This guide will walk you through using MXNet with Kubeflow
If you haven’t already done so please follow the Getting Started Guide to deploy Kubeflow.
An alpha version of MXNet support was introduced with Kubeflow 0.2.0. You must be using a version of Kubeflow newer than 0.2.0.
Check that the MXNet custom resource is installed
kubectl get crd
The output should include mxjobs.kubeflow.org
NAME AGE
...
mxjobs.kubeflow.org 4d
...
If it is not included you can add it as follows
cd ${KSONNET_APP}
ks pkg install kubeflow/mxnet-job
ks generate mxnet-operator mxnet-operator
ks apply ${ENVIRONMENT} -c mxnet-operator
You create a job by defining a MXJob and then creating it with.
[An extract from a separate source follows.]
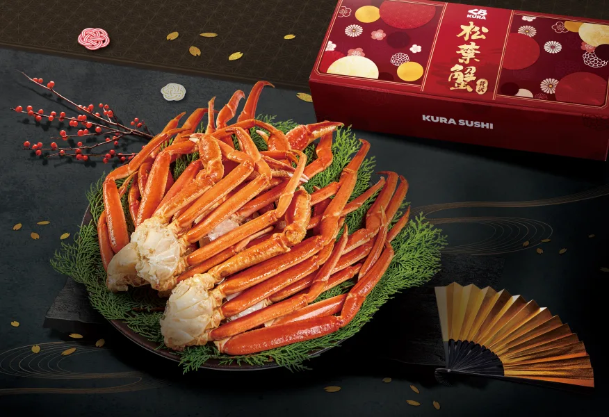 日本新年祈願美食「螃蟹御節料理」,象徵吃下新年的祝福。迎接農曆春節,藏壽司要讓消費者感受日本新年風情,引進有日本頭號冬之味覺美名的「松葉蟹」,推出「嚴選豪華松葉蟹」禮盒,極鮮鎖甜來台,首賣年節禮盒。更加碼祭出限時預購早鳥9折價,冷凍宅配免運費,喜歡品蟹的老饕們,品美味又能接住一年好運。
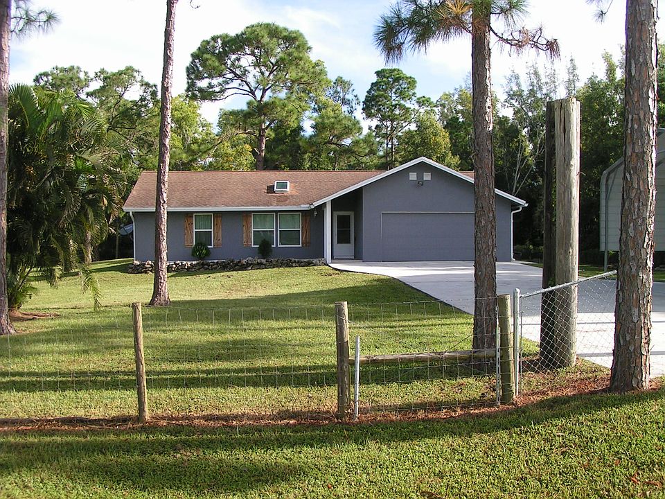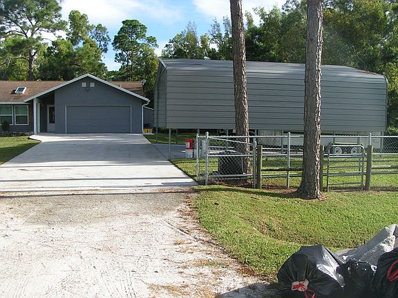 Open,Airy & Bright 3/2/2 on 1.29ac. Enjoy the Acreage lifestyle - bring all your toys and pets. Impact windows including garage door & skylight, new water system enclosed for weather protection & longevity, gutters, updated master bath, fully fenced, elec. gate. A/C - 2015. Keyless pedestrian garage door. Freshly painted interior. Huge metal carport (2016) ( 25w X 30L X 14H ). No Pond. Lovely, well kept property. Huge, country rear porch. Extended concrete driveway including carport. Elementary and Middle Schools accross the street!!!

kubectl create -f examples/mx_job_dist.yaml
To get the status of your job
kubectl get -o yaml mxjobs $JOB
Here is sample output for an example job
apiVersion: kubeflow.org/v1alpha1
kind: MXJob
metadata:
clusterName: ""
creationTimestamp: 2018-08-10T07:13:39Z
generation: 1
name: example-dist-job
namespace: default
resourceVersion: "491499"
selfLink: /apis/kubeflow.org/v1alpha1/namespaces/default/mxjobs/example-dist-job
uid: e800b1ed-9c6c-11e8-962f-704d7b2c0a63
spec:
RuntimeId: aycw
jobMode: dist
mxImage: mxjob/mxnet:gpu
replicaSpecs:
- PsRootPort: 9000
mxReplicaType: SCHEDULER
replicas: 1
template:
metadata:
creationTimestamp: null
spec:
containers:
- args:
- train_mnist.py
command:
- python
image: mxjob/mxnet:gpu
name: mxnet
resources: {}
workingDir: /incubator-mxnet/example/image-classification
restartPolicy: OnFailure
- PsRootPort: 9091
mxReplicaType: SERVER
replicas: 1
template:
metadata:
creationTimestamp: null
spec:
containers:
- args:
- train_mnist.py
command:
- python
image: mxjob/mxnet:gpu
name: mxnet
resources: {}
workingDir: /incubator-mxnet/example/image-classification
restartPolicy: OnFailure
- PsRootPort: 9091
mxReplicaType: WORKER
replicas: 1
template:
metadata:
creationTimestamp: null
spec:
containers:
- args:
- train_mnist.py
- --num-epochs=10
- --num-layers=2
- --kv-store=dist_device_sync
command:
- python
image: mxjob/mxnet:gpu
name: mxnet
resources: {}
workingDir: /incubator-mxnet/example/image-classification
restartPolicy: OnFailure
terminationPolicy:
chief:
replicaIndex: 0
replicaName: SCHEDULER
status:
phase: Running
reason: ""
replicaStatuses:
- ReplicasStates:
Running: 1
mx_replica_type: SCHEDULER
state: Running
- ReplicasStates:
Running: 1
mx_replica_type: SERVER
state: Running
- ReplicasStates:
Running: 1
mx_replica_type: WORKER
state: Running
state: Running